Given records -
++++++++

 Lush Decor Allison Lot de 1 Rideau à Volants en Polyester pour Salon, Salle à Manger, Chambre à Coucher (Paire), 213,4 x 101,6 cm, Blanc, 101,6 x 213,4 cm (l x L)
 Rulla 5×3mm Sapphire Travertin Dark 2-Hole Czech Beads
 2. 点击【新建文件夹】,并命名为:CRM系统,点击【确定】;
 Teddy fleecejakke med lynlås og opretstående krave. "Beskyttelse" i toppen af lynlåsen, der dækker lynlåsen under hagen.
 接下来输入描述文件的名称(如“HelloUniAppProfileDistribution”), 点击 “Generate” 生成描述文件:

++++++++

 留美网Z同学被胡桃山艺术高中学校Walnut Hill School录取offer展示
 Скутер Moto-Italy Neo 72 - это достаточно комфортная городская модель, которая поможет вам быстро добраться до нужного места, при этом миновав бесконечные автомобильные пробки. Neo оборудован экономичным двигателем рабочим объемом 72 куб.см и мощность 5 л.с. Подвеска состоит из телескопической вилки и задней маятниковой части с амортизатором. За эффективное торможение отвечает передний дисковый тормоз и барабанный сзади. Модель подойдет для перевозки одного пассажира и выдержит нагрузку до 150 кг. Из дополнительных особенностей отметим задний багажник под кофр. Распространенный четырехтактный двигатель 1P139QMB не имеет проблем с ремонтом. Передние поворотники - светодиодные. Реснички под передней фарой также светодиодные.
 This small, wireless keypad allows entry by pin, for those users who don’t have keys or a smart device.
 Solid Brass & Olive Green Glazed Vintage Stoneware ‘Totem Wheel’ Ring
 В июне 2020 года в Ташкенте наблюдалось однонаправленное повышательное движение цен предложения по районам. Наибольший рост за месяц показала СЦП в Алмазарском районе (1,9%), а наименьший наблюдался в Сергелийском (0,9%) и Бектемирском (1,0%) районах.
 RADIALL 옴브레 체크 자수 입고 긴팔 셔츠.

++++++++

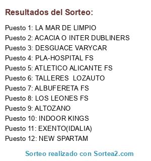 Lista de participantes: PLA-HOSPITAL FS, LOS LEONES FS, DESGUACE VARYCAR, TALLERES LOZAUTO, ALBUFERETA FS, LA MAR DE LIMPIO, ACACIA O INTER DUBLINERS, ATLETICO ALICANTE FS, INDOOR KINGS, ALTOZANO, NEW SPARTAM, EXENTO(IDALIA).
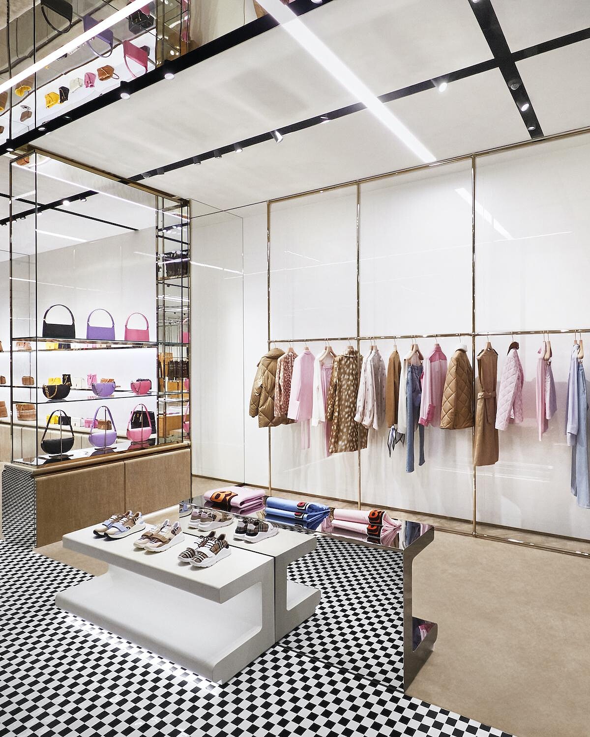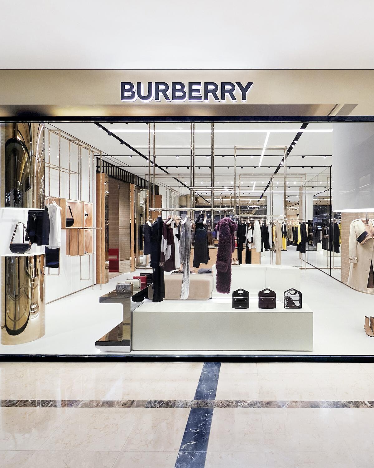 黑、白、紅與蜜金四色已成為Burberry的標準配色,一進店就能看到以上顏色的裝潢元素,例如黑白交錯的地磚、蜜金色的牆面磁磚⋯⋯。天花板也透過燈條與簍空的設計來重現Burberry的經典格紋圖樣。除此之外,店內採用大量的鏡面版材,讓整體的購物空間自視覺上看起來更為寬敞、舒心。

++++++++

Your task - Output the lines of the records above exactly as they appear, from the line containing "Lush Decor Allison" through the line containing "Teddy fleecejakke med".

Solution to the problem -
 Lush Decor Allison Lot de 1 Rideau à Volants en Polyester pour Salon, Salle à Manger, Chambre à Coucher (Paire), 213,4 x 101,6 cm, Blanc, 101,6 x 213,4 cm (l x L)
 Rulla 5×3mm Sapphire Travertin Dark 2-Hole Czech Beads
 2. 点击【新建文件夹】,并命名为:CRM系统,点击【确定】;
 Teddy fleecejakke med lynlås og opretstående krave. "Beskyttelse" i toppen af lynlåsen, der dækker lynlåsen under hagen.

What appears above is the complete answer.